DNdisorder: predicting protein disorder using boosting and deep networks
1 Department of Computer Science, University of Missouri, Columbia, MO 65211, USA
2 Informatics Institute, University of Missouri, Columbia, MO 65211, USA
3 C. Bond Life Science Center, University of Missouri, Columbia, MO 65211, USA
BMC Bioinformatics 2013, 14:88 doi:10.1186/1471-2105-14-88Published: 6 March 2013
A number of proteins contain regions which do not adopt a stable tertiary structure in their native state. Such regions known as disordered regions have been shown to participate in many vital cell functions and are increasingly being examined as drug targets.
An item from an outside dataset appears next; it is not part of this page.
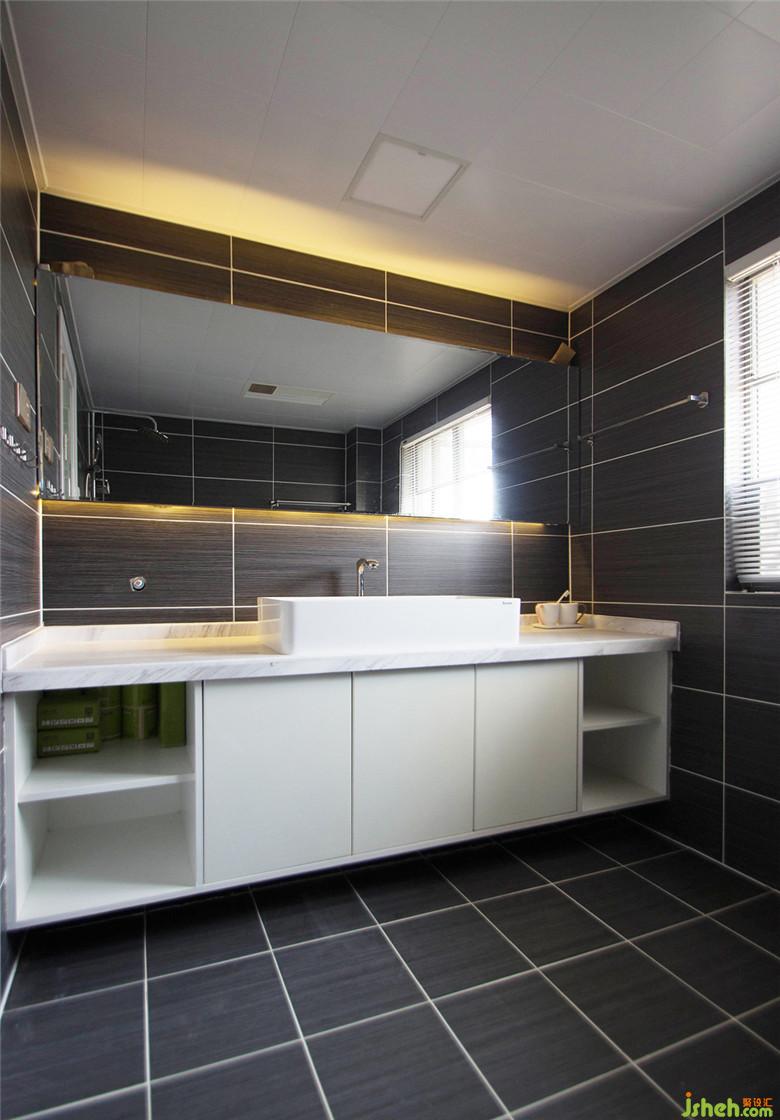現(xiàn)場制作的超大洗手臺,收納不是問題!整面玻璃使空間視覺效果更好!

This work presents a new sequence based approach for the prediction of protein disorder. The method uses boosted ensembles of deep networks to make predictions and participated in the CASP10 experiment. In a 10 fold cross validation procedure on a dataset of 723 proteins, the method achieved an average balanced accuracy of 0.82 and an area under the ROC curve of 0.90. These results are achieved in part by a boosting procedure which is able to steadily increase balanced accuracy and the area under the ROC curve over several rounds. The method also compared competitively when evaluated against a number of state-of-the-art disorder predictors on CASP9 and CASP10 benchmark datasets.